- _Description of the task_: Pictures aside, write every record out again word for word.

- _Listed records_:

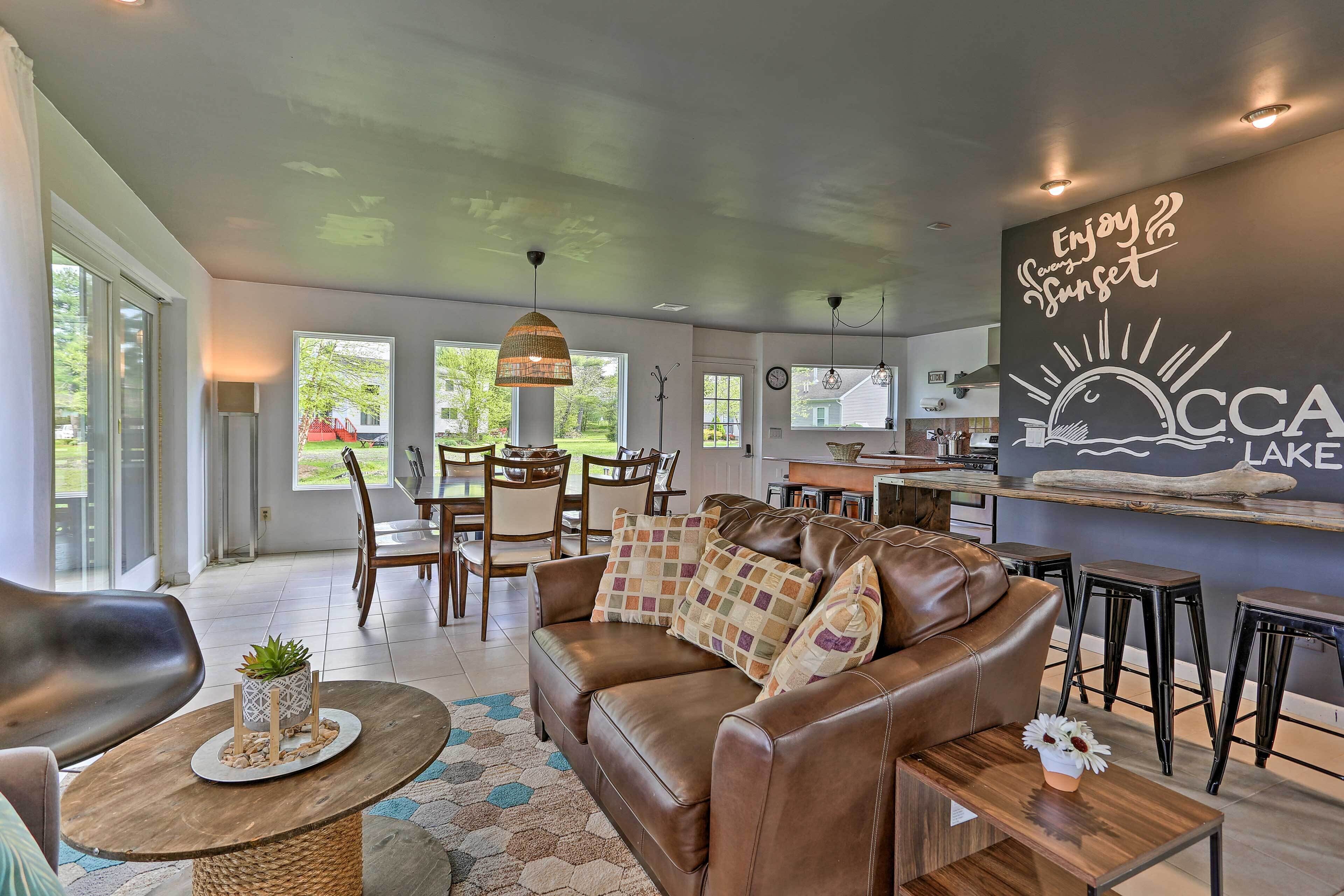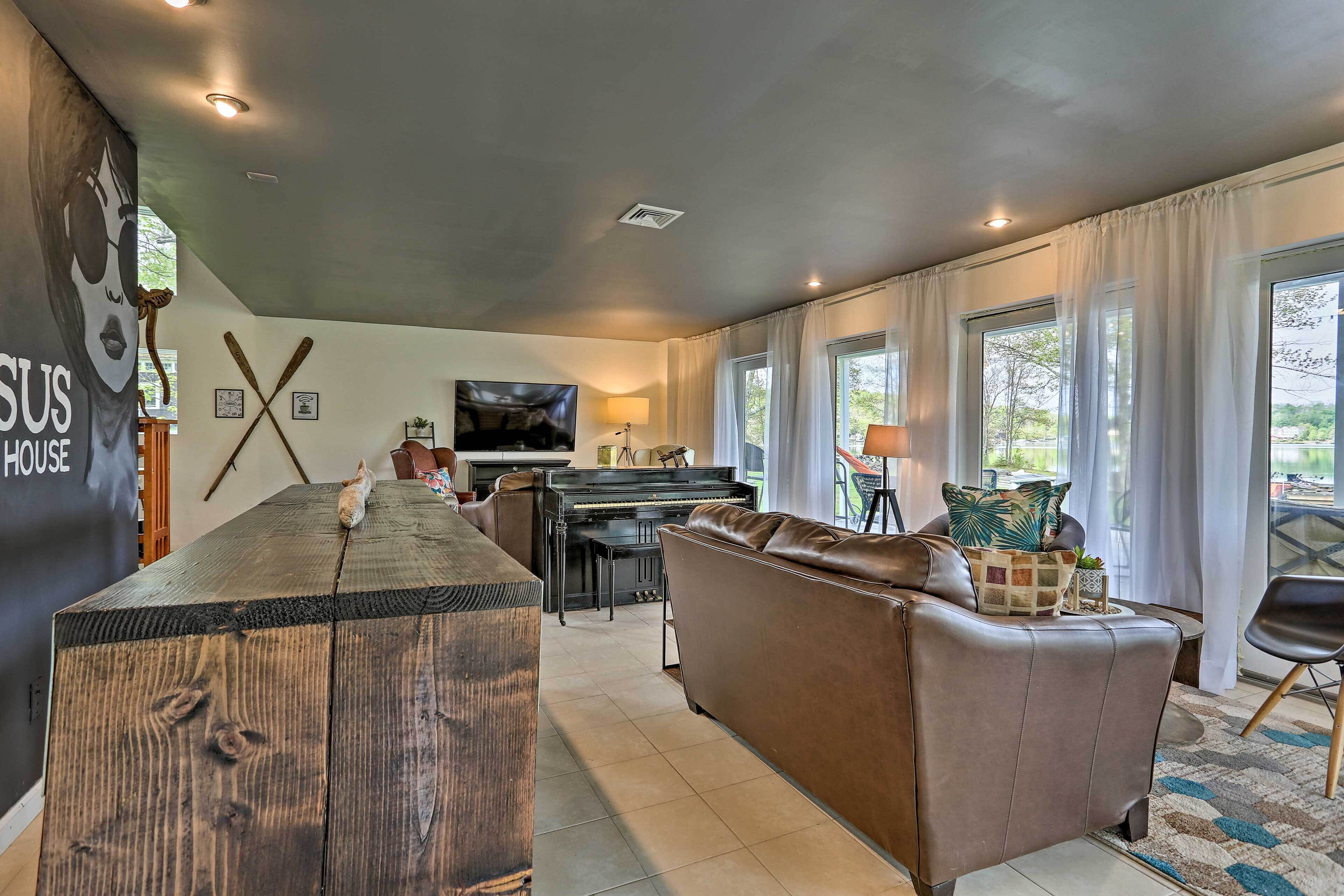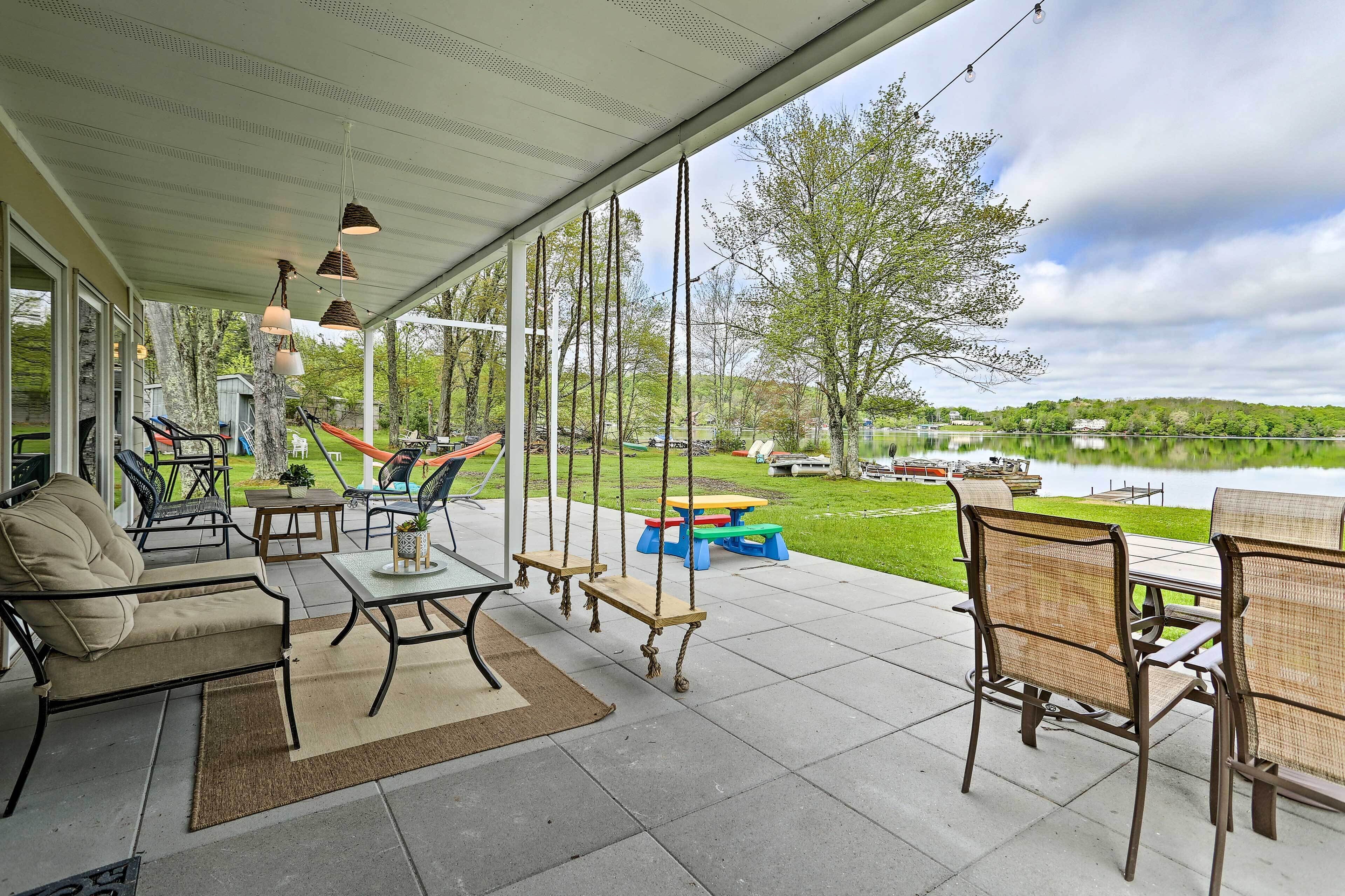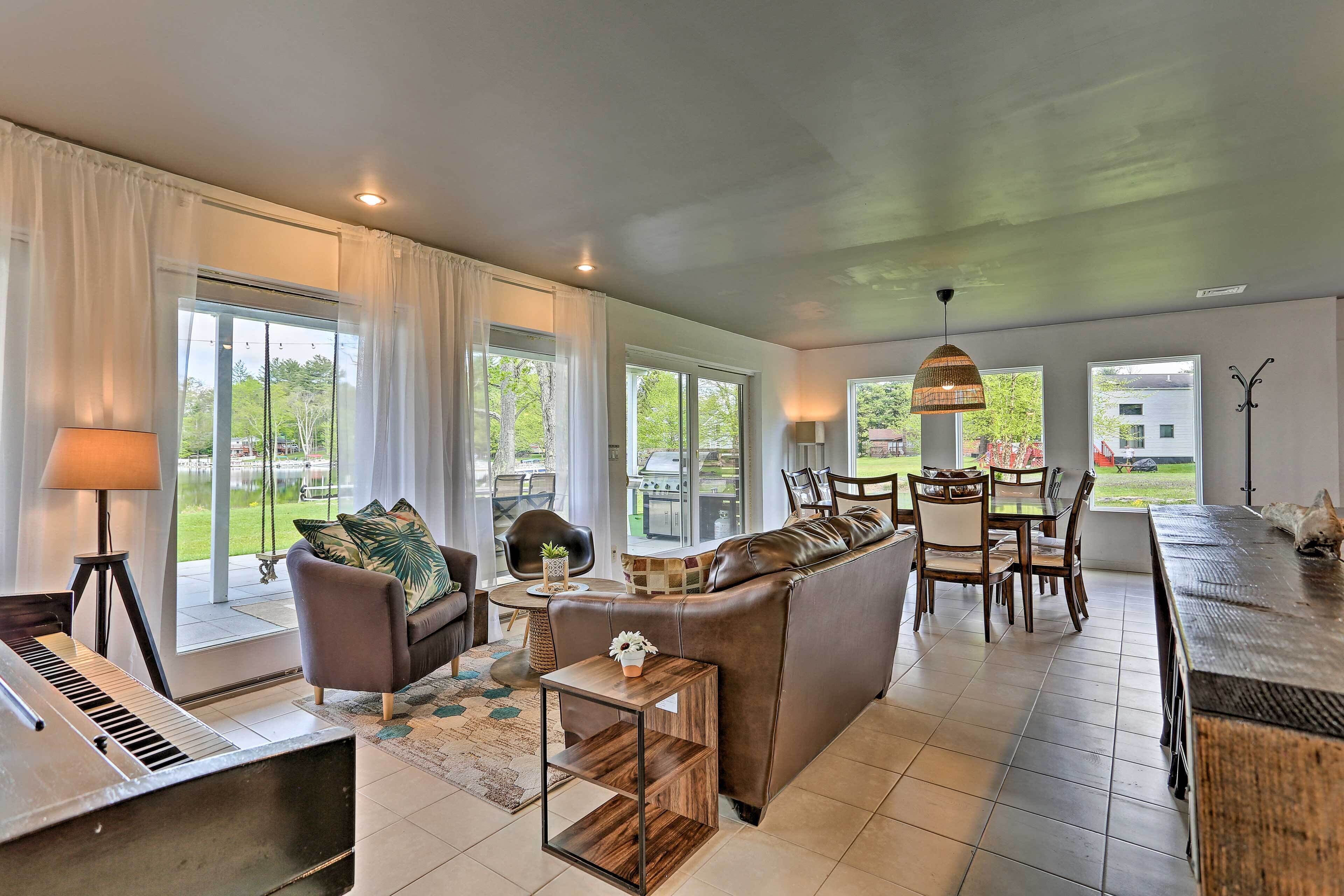 Luxe Lakefront Family Cottage: Private Beach, Dock Family-friendly fun abounds in the Catskills region of Upstate New York, where you’ll find this spectacular lakefront cottage! Boasting 8 bedrooms, 4 baths, a game room, gourmet kitchen, and fantastic outdoor space, this luxe vacation rental is the ideal home base for your large-group retreat. Choose to spend your days paddling the shores of White Lake and swimming off the private dock or drive 4 miles to explore the Bethel Woods Center for the Arts - home to the iconic 1969 Woodstock Festival!-- THE PROPERTY --Direct Lake Access | Outdoor Entertainment Space | 2 Bedroom Suites | 2,750 Sq FtThis Catskills cottage offers ample entertaining space both inside and out plus all the modern essentials of home, so you can seamlessly host your next family reunion, friend-group gathering, or peaceful Upstate retreat!Bedroom Suite 1: King Bed | Bedroom Suite 2: Queen Bed | Bedroom 3: 2 Full Beds | Bedroom 4: Twin Bed | Bedroom 5: Twin Bed | Bedroom 6: Full Bed | Bedroom 7: Twin Bunk Bed | Bedroom 8: Queen Bed | Game Room: Sleeper Sofa | Additional Sleeping: Pack 'n PlayOUTDOOR LIVING: Paved patio w/ dining table, gas grill, lounge area, hammock, hanging swings & lights, spacious lawn w/ private lake frontage, swimming/boating dockINDOOR LIVING: Open floor plan, high vaulted ceilings, Smart TV, fireplace, high-top bar, ample seating, foosball table, ping pong table, board games, decorative piano, dining tableKITCHEN: Cooking basics & spices, full-sized fridge, stove/oven, dishwasher, microwave, drip coffee maker, toaster, island countertopGENERAL: Free WiFi, central A/C & heat, washer & dryer, fresh linens, bath & beach towels, toiletries, hair dryersSUITABILITY: Step-free entry, bed/bath on first floor, grab rails in bathroom/shower, kids toysPARKING: Driveway (8 vehicles)-- THE LOCATION --WHITE LAKE (on-site): Boating, fishing, swimming, kayaking, canoeing, paddleboarding, Gene’s Boats (279 feet), Kauneonga Lake Boat Launch (0.6 miles), Benji & Jakes Pizza Restaurant (0.7 miles)OUTDOOR ACTIVITY: Lake Superior State Park (4.1 miles), Walnut Mountain Park (9.7 miles), Holiday Mountain Ski & Fun (13.2 miles), Upper Delaware Scenic and Recreational River (19.3 miles)ATTRACTIONS: Museum at Bethel Woods (3.9 miles), Bethel Woods Center for the Arts (4.0 miles), Resorts World Casino Catskills (12.2 miles), Costa’s Family Fun Park (31.3 miles)AIRPORT: New York Stewart International Airport (51.8 miles)-- REST EASY WITH US --Evolve makes it easy to find and book properties you'll never want to leave. You can relax knowing that our properties will always be ready for you and that we'll answer the phone 24/7. Even better, if anything is off about your stay, we'll make it right. You can count on our homes and our people to make you feel welcome — because we know what vacation means to you.-- POLICIES --- No smoking- No pets allowed- No events, parties, or large gatherings- Must be at least 25 years old to book- Additional fees and taxes may apply- Photo ID may be required upon check-in- NOTE: Your safety matters. This property features 4 exterior security cameras, located at each corner of the house, all facing outward. They do not look into interior spaces- NOTE: We care about your safety when entering the water. Parental supervision as well as the use of life jackets is strongly recommended for children and adults that choose to swim in the deep lake. Guests enter at their own risk
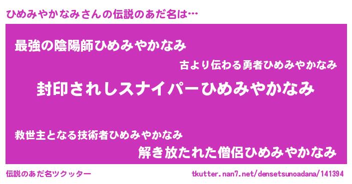 | 男性向けラノベタイトル風あだ名 | 『ひめみやかなみ~年齢イコール彼女いない歴の魔法使い~』 |
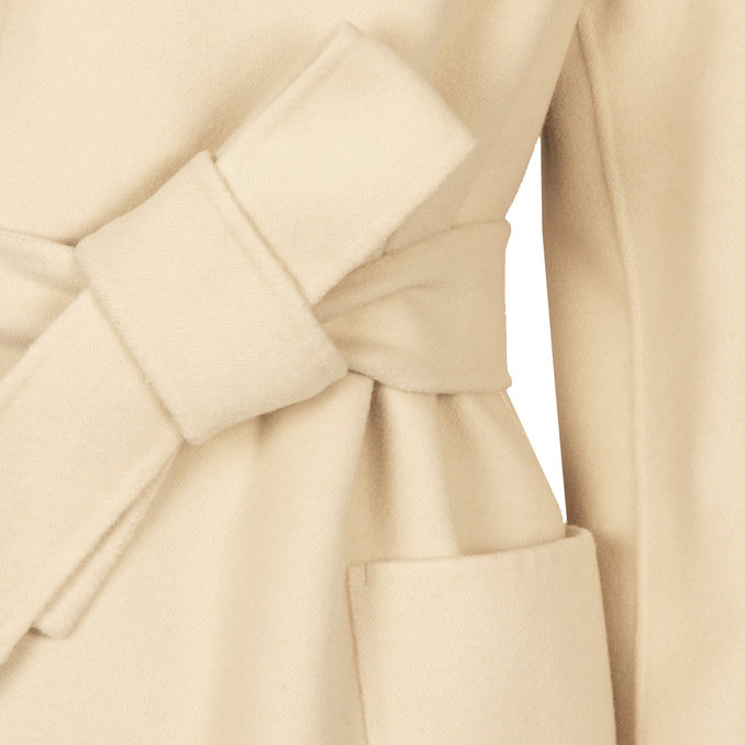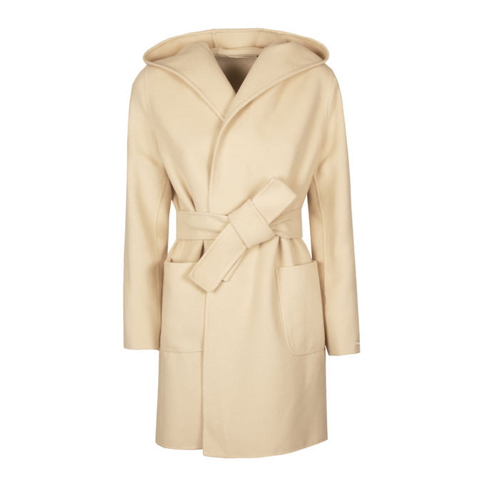 Cappotto sfoderato a maniche lunghe dalla linea morbida, presenta collo a scialle con cappuccio, chiusura a doppiopetto e tasche applicate. Dettaglio cintura coordinata tono su tono.
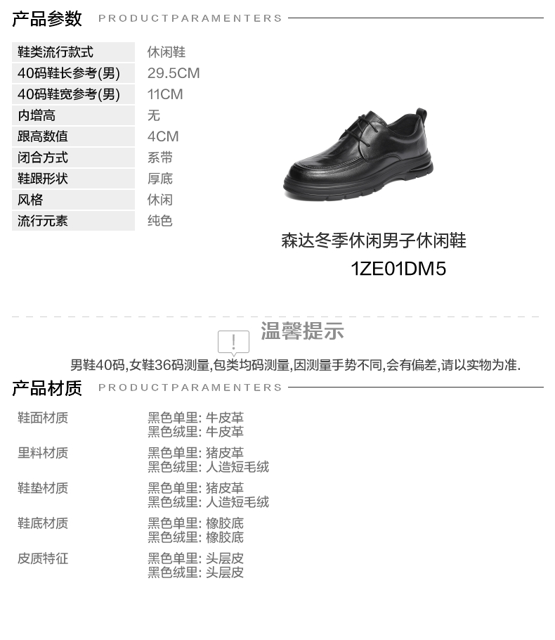 | 风格:休闲 | 色系:黑色 | 跟高数值:4CM | 40码鞋宽参考(男):11CM | 性别:男子 |
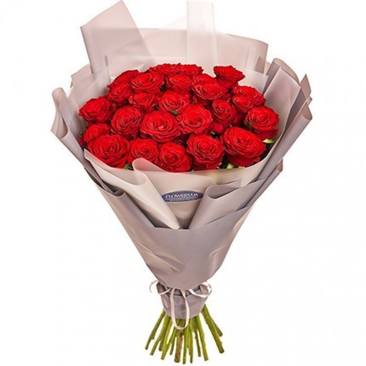 Description: Bouquet with packaging "25 red roses"
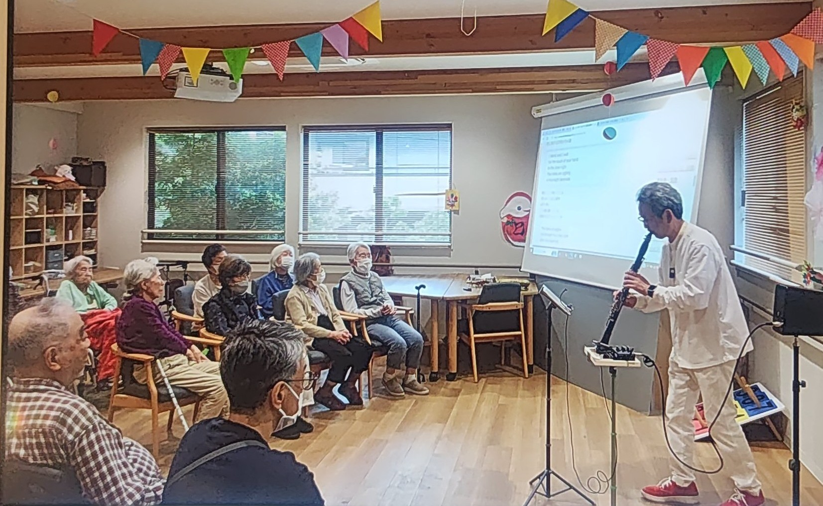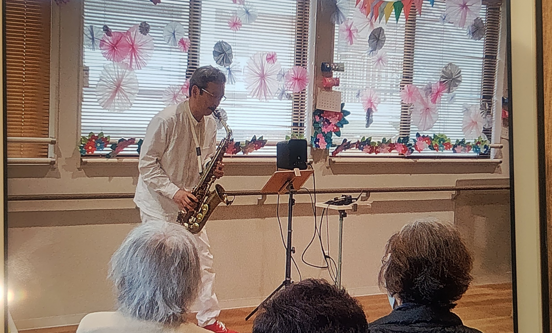 おなじみのサックス演奏会で最初に皆様自分の聞きたい曲のリクエストを行います。最近は職員もよくリクエストしています(笑)
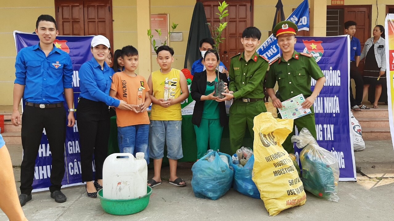 Huyện đoàn Bắc Trà My tổ chức đổi rác thải nhựa lấy đồ gia dụng và cây xanh

- _Exercise answer_:
 Luxe Lakefront Family Cottage: Private Beach, Dock Family-friendly fun abounds in the Catskills region of Upstate New York, where you’ll find this spectacular lakefront cottage! Boasting 8 bedrooms, 4 baths, a game room, gourmet kitchen, and fantastic outdoor space, this luxe vacation rental is the ideal home base for your large-group retreat. Choose to spend your days paddling the shores of White Lake and swimming off the private dock or drive 4 miles to explore the Bethel Woods Center for the Arts - home to the iconic 1969 Woodstock Festival!-- THE PROPERTY --Direct Lake Access | Outdoor Entertainment Space | 2 Bedroom Suites | 2,750 Sq FtThis Catskills cottage offers ample entertaining space both inside and out plus all the modern essentials of home, so you can seamlessly host your next family reunion, friend-group gathering, or peaceful Upstate retreat!Bedroom Suite 1: King Bed | Bedroom Suite 2: Queen Bed | Bedroom 3: 2 Full Beds | Bedroom 4: Twin Bed | Bedroom 5: Twin Bed | Bedroom 6: Full Bed | Bedroom 7: Twin Bunk Bed | Bedroom 8: Queen Bed | Game Room: Sleeper Sofa | Additional Sleeping: Pack 'n PlayOUTDOOR LIVING: Paved patio w/ dining table, gas grill, lounge area, hammock, hanging swings & lights, spacious lawn w/ private lake frontage, swimming/boating dockINDOOR LIVING: Open floor plan, high vaulted ceilings, Smart TV, fireplace, high-top bar, ample seating, foosball table, ping pong table, board games, decorative piano, dining tableKITCHEN: Cooking basics & spices, full-sized fridge, stove/oven, dishwasher, microwave, drip coffee maker, toaster, island countertopGENERAL: Free WiFi, central A/C & heat, washer & dryer, fresh linens, bath & beach towels, toiletries, hair dryersSUITABILITY: Step-free entry, bed/bath on first floor, grab rails in bathroom/shower, kids toysPARKING: Driveway (8 vehicles)-- THE LOCATION --WHITE LAKE (on-site): Boating, fishing, swimming, kayaking, canoeing, paddleboarding, Gene’s Boats (279 feet), Kauneonga Lake Boat Launch (0.6 miles), Benji & Jakes Pizza Restaurant (0.7 miles)OUTDOOR ACTIVITY: Lake Superior State Park (4.1 miles), Walnut Mountain Park (9.7 miles), Holiday Mountain Ski & Fun (13.2 miles), Upper Delaware Scenic and Recreational River (19.3 miles)ATTRACTIONS: Museum at Bethel Woods (3.9 miles), Bethel Woods Center for the Arts (4.0 miles), Resorts World Casino Catskills (12.2 miles), Costa’s Family Fun Park (31.3 miles)AIRPORT: New York Stewart International Airport (51.8 miles)-- REST EASY WITH US --Evolve makes it easy to find and book properties you'll never want to leave. You can relax knowing that our properties will always be ready for you and that we'll answer the phone 24/7. Even better, if anything is off about your stay, we'll make it right. You can count on our homes and our people to make you feel welcome — because we know what vacation means to you.-- POLICIES --- No smoking- No pets allowed- No events, parties, or large gatherings- Must be at least 25 years old to book- Additional fees and taxes may apply- Photo ID may be required upon check-in- NOTE: Your safety matters. This property features 4 exterior security cameras, located at each corner of the house, all facing outward. They do not look into interior spaces- NOTE: We care about your safety when entering the water. Parental supervision as well as the use of life jackets is strongly recommended for children and adults that choose to swim in the deep lake. Guests enter at their own risk
 | 男性向けラノベタイトル風あだ名 | 『ひめみやかなみ~年齢イコール彼女いない歴の魔法使い~』 |
 Cappotto sfoderato a maniche lunghe dalla linea morbida, presenta collo a scialle con cappuccio, chiusura a doppiopetto e tasche applicate. Dettaglio cintura coordinata tono su tono.
 | 风格:休闲 | 色系:黑色 | 跟高数值:4CM | 40码鞋宽参考(男):11CM | 性别:男子 |
 Description: Bouquet with packaging "25 red roses"
 おなじみのサックス演奏会で最初に皆様自分の聞きたい曲のリクエストを行います。最近は職員もよくリクエストしています(笑)
 Huyện đoàn Bắc Trà My tổ chức đổi rác thải nhựa lấy đồ gia dụng và cây xanh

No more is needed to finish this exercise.